The Gay-Straight Alliance was also represented at the showcase, with its students and club advisers speaking about the need for acceptance and sensitivity throughout the school district.
“If it weren’t for this club, I wouldn’t be who I am today,” said 18-year-old senior Tara, adding that she didn’t join the club until she was a junior. “I always wanted to join, but it took me a little while.”
Spencer Kelly, also a senior, said he’s enjoyed being a member.
“I’m blown away about how safe it is here,” he said. “These people are awesome. I can tell them anything.”
Advisers Caitlin Mitchell and Deb Burch said the club has been around since the early 1990s after then-Gov. William Weld passed the state’s school safety initiative.
“It was one of the first in the state outside of Boston,” Burch said, adding participation in meetings typically varies from six or seven kids up to as many as 20.

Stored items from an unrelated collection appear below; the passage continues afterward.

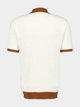 The Ivory & Dark Almond Vidal Polo blends vintage charm with contemporary craftsmanship. Made from 100% cotton in a crochet-inspired pointelle knit, it offers a breathable and lightweight feel. The relaxed fit is elevated with contrasting dark almond collar, cuffs, and hem. Finished with branded corozo buttons, it's a refined essential perfect for layering or standalone summer wear.
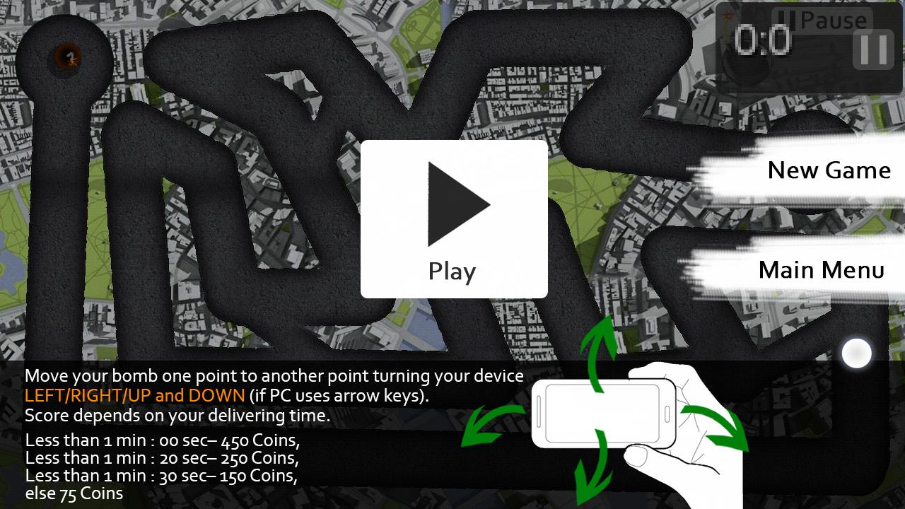 Переместите свою бомбу в одну точку в другую точку, поворачивая устройство влево/вправо/вверх и вниз (если ПК использует клавиши со стрелками). Оценка зависит от вашего времени доставки.
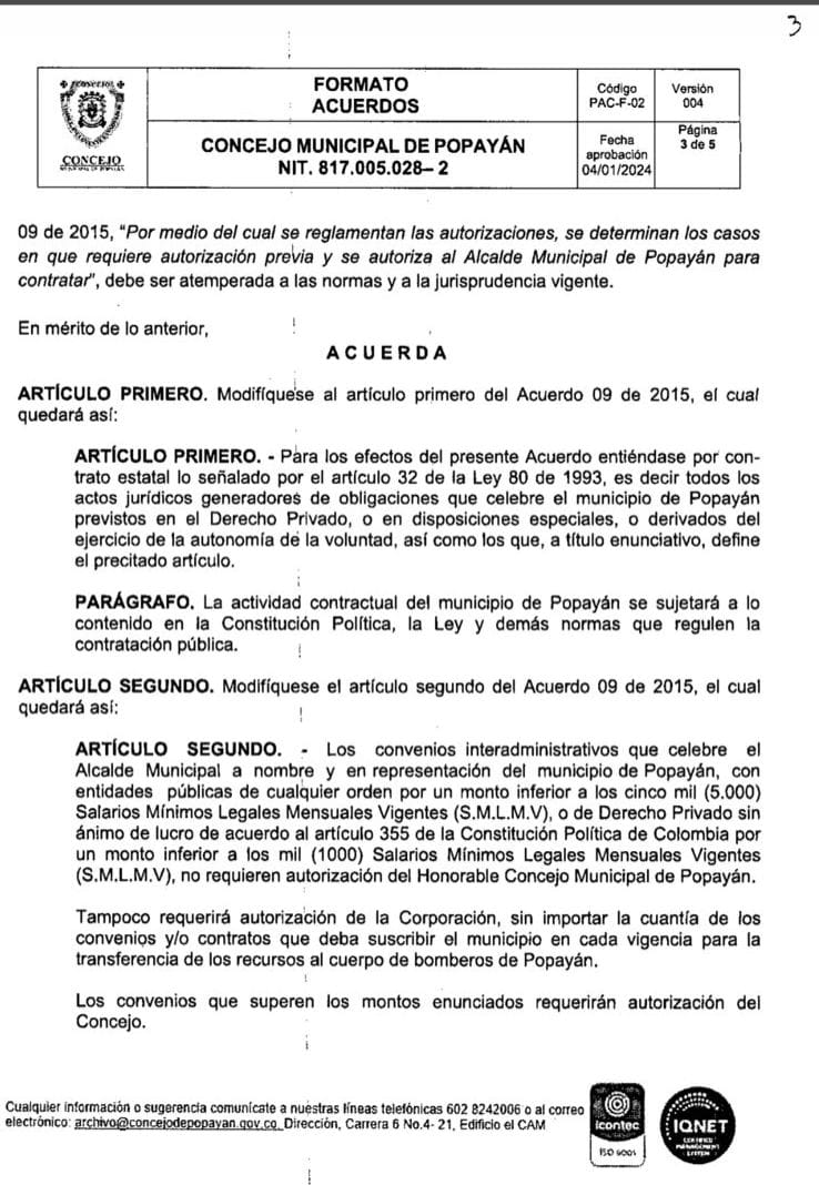 De acuerdo con el documento modificatorio del Concejo Municipal de Popayán (aprobado a inicios de 2024), que regula el Acuerdo 09 de 2015, existen reglas claras para los convenios interadministrativos:

Burch said over the years, Andover High “has become a safer and safer place.” She said gay and lesbian students aren’t worried about physical violence, but they do hear the occasional slur about someone or something being “so gay.”
“The problems they used to face in high school they now face in elementary and middle school,” Burch said.
Superintendent Marinel McGrath, who was going table to table talking to students and staff, credited the event with helping ease middle-schoolers’ transition to high school and applauded Seide for initiating it.
Another club fair is planned for the fall for ninth-graders.
“I think it was a success, especially for the first time out,” Seide said. “It provided that opportunity for students to show off their accomplishments and eighth-graders can now hit the ground running with clubs in the fall.”